Though Mitt has popped up in candid photos at gas stations and amusement parks in the last few months, Ann hasn't been seen much since her teary departure from the national stage on Election Day.
Now the Romneys are able to reflect on the campaign with the benefit of hindsight, and they have very clear ideas about why they lost.
The current narrative in the media says Ann Romney blames the press for her husband's loss. This is mostly true, but journalists get touchy when they're charged with bias.
Ann did say the media didn't give her husband a chance to show the "real Mitt," but she made no mention of his gaffes -- most notably his infamous "47 percent" remark -- which furthered his reputation as a wealthy and aloof plutocrat.
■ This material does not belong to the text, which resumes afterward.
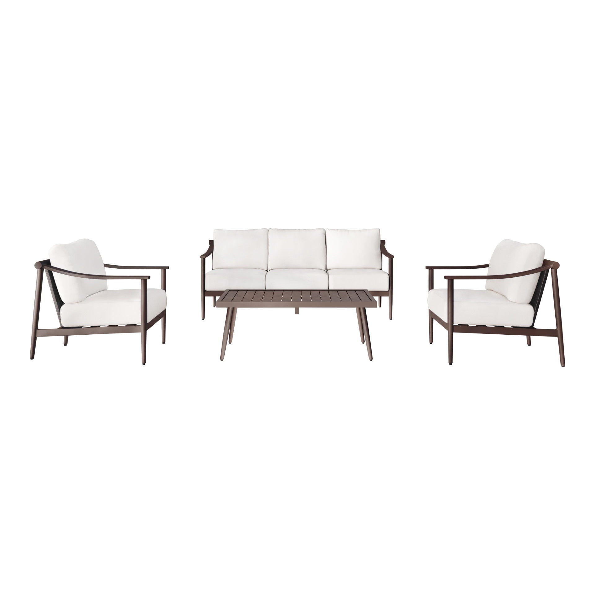 Moana - 4 Piece Living Room Set (Sofa & 2 Club Chairs & Slat Top Coffee Table) - White
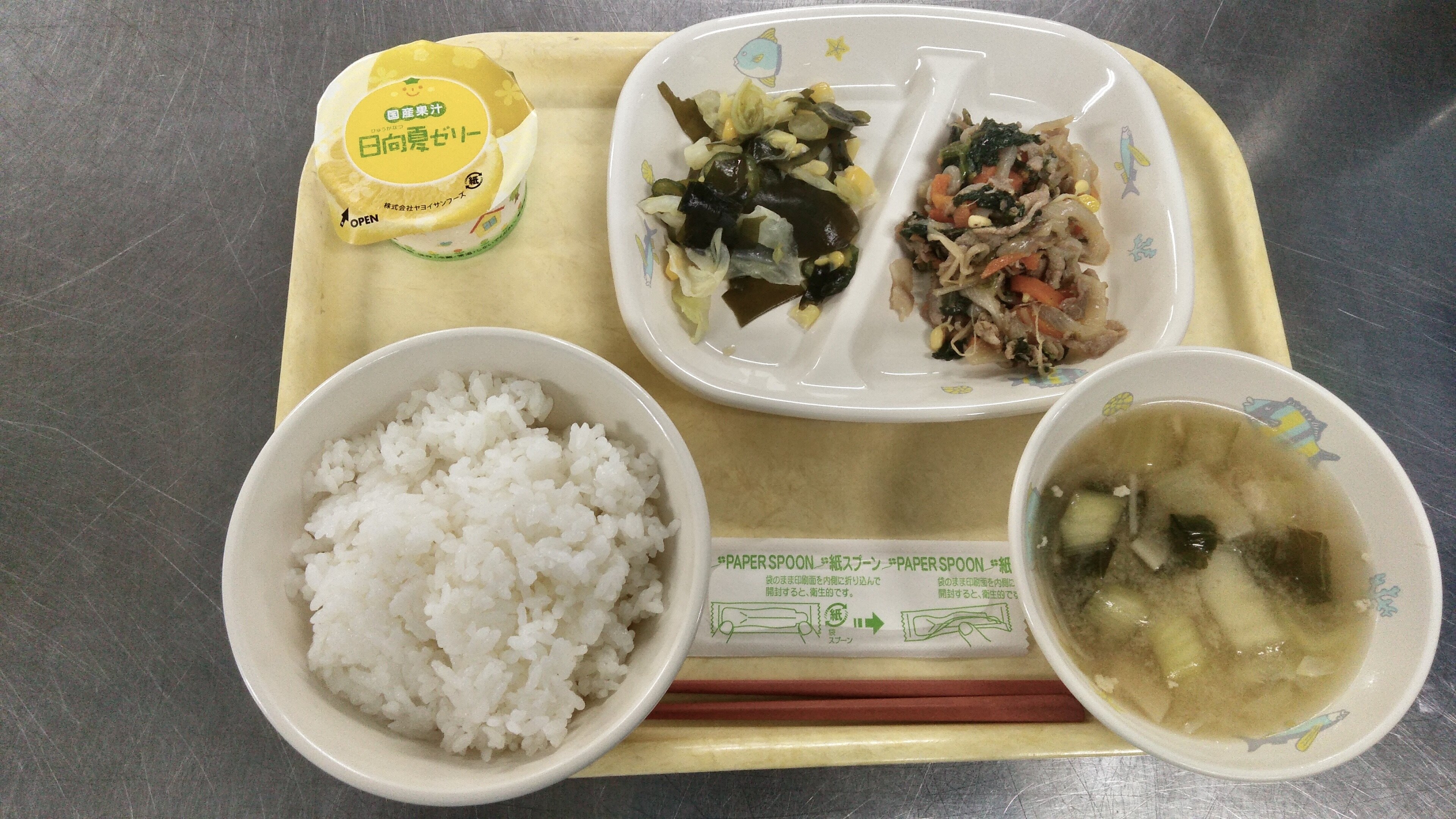 『ご飯』『ビビンバ丼(風)』『キャベツとワカメのさっぱりサラダ』『みそスープ』『日向夏ゼリー』

Perhaps Mitt shouldn't have been so real when he didn't think the cameras were on.
The Romneys did admit Obama had a better ground game than they did. The Republicans made great strides in reaching out to rural white voters in swing states like Ohio and Pennsylvania, but the Democrats increased turnout for their constituents even more, besting their record levels from 2008, an outcome the Romneys admit they never saw coming.
Certainly they were the victims of bad advice at the very least. They say they believed until the very end that they would defeat Obama, a result that virtually no polls were showing in the final weeks of the race.
But while they offered to shoulder some of the blame for the failed campaign, they neglected to fault their policies, which polls continue to show are not popular on the national level.
Republicans in Congress are experiencing a similar blind spot. They held on to the House of Representatives because local elections can be won on a platform of limited government, lower taxes, less corporate oversight, harsh penalties for undocumented immigration, restrictions on abortion and slashed social services.
But in a presidential campaign, it's a lost cause. Over 90 percent of African-Americans voted for Obama, as well as 73 percent of Asian-Americans and 71 percent of Latinos. An 18-point gender gap haunts the Republicans, and no amount of media coverage or canvassing would have overcome those deficits.
Romney says sequestration wouldn't have gone into effect if he had been elected. That's unlikely, since a President Romney would have to deal with an intractable Democratic Senate.
But at least this time around, no one really cares if Romney is right. The pressure is off.